----- DATA

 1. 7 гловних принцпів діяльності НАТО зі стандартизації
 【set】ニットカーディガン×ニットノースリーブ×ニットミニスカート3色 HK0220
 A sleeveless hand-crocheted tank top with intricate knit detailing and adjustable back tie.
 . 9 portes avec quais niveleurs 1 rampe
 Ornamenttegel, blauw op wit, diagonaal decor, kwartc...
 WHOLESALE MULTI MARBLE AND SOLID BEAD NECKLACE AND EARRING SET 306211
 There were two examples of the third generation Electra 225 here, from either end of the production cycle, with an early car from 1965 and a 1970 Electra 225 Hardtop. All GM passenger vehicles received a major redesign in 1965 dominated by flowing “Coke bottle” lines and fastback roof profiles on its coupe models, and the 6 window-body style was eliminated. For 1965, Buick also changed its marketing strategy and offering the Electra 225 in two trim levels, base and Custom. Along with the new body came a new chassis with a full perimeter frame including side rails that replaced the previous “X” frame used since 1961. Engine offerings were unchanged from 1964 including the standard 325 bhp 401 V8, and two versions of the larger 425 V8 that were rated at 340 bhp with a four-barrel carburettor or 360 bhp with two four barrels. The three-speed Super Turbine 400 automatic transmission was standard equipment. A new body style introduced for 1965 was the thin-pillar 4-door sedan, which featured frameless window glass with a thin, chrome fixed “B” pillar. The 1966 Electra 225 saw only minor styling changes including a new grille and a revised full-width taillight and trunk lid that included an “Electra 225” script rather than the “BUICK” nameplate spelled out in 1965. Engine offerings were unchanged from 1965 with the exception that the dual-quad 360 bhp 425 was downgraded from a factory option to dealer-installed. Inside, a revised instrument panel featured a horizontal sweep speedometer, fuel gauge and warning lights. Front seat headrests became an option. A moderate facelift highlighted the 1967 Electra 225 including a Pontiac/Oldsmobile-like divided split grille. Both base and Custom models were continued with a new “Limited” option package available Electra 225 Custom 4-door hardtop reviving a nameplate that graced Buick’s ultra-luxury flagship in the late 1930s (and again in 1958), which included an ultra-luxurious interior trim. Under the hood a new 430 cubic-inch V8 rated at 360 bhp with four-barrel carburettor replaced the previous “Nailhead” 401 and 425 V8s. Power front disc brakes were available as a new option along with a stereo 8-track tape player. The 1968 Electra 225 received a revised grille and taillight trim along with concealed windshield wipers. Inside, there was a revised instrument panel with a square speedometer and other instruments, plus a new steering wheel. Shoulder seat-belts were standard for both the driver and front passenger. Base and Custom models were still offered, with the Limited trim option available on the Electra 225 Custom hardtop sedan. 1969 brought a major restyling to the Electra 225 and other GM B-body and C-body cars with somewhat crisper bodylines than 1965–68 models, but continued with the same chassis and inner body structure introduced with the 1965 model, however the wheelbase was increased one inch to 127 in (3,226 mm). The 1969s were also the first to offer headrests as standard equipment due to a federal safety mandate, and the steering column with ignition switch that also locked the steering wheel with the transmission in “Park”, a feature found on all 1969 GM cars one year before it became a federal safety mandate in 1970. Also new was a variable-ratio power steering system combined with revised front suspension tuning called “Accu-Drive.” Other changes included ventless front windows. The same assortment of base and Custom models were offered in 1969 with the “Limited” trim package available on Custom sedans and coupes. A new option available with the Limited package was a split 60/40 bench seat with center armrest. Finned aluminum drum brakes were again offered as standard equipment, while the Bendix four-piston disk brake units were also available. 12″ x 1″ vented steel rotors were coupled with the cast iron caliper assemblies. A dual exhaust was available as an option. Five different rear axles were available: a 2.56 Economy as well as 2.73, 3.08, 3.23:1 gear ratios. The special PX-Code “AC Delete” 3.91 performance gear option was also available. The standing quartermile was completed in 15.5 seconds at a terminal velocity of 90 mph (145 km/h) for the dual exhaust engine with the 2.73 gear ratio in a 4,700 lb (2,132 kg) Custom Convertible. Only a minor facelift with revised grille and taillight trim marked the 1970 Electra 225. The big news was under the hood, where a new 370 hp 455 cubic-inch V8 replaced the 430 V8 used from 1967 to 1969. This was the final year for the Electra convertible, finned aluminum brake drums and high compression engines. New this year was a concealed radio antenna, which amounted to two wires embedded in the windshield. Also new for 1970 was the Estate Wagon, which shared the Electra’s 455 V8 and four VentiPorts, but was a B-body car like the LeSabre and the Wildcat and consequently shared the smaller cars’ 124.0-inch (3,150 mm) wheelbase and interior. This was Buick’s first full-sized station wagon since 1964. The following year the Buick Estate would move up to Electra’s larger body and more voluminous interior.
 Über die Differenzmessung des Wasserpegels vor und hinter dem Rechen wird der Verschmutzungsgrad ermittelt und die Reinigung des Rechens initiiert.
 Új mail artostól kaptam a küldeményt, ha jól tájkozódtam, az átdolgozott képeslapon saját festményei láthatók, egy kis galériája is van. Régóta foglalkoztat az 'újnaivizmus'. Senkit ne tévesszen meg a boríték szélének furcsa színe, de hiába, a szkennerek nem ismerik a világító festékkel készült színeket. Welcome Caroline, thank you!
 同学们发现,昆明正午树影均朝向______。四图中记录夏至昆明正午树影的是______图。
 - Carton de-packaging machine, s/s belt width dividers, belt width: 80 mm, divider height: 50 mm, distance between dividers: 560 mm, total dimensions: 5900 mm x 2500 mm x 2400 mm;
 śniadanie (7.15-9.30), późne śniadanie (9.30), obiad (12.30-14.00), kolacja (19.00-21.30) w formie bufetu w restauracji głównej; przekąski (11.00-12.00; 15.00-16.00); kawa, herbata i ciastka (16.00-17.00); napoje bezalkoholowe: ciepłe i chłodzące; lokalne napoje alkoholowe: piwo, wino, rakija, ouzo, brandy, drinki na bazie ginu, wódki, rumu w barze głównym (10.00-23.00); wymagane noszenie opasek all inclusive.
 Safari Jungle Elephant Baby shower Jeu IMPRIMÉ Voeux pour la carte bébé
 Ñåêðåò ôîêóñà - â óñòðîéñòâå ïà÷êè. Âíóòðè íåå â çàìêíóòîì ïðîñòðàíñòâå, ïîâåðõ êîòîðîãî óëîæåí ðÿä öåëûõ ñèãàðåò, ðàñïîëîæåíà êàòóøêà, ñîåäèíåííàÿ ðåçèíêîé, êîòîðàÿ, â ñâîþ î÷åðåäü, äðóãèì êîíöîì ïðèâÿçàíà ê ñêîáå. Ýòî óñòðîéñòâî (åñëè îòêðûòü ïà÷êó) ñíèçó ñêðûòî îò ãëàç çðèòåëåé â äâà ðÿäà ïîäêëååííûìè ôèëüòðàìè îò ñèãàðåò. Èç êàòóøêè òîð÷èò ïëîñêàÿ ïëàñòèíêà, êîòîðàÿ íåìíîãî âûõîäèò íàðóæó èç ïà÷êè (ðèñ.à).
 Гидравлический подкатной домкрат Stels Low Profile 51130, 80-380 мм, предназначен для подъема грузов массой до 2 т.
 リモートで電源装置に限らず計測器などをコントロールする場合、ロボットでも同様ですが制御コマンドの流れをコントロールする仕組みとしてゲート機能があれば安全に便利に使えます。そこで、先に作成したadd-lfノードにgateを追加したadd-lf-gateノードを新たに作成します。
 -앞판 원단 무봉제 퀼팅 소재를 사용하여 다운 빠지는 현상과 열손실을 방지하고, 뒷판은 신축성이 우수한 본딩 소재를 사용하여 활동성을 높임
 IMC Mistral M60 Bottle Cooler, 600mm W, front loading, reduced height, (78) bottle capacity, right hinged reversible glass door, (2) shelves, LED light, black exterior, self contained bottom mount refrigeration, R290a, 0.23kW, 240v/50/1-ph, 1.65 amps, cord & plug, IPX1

----------

*DESCRIPTION OF THE TASK*
Nothing but the lines from the start of the data above through the line with "WHOLESALE MULTI MARBLE" should appear in your answer, copied exactly.

*RESPONSE BOX*
 1. 7 гловних принцпів діяльності НАТО зі стандартизації
 【set】ニットカーディガン×ニットノースリーブ×ニットミニスカート3色 HK0220
 A sleeveless hand-crocheted tank top with intricate knit detailing and adjustable back tie.
 . 9 portes avec quais niveleurs 1 rampe
 Ornamenttegel, blauw op wit, diagonaal decor, kwartc...
 WHOLESALE MULTI MARBLE AND SOLID BEAD NECKLACE AND EARRING SET 306211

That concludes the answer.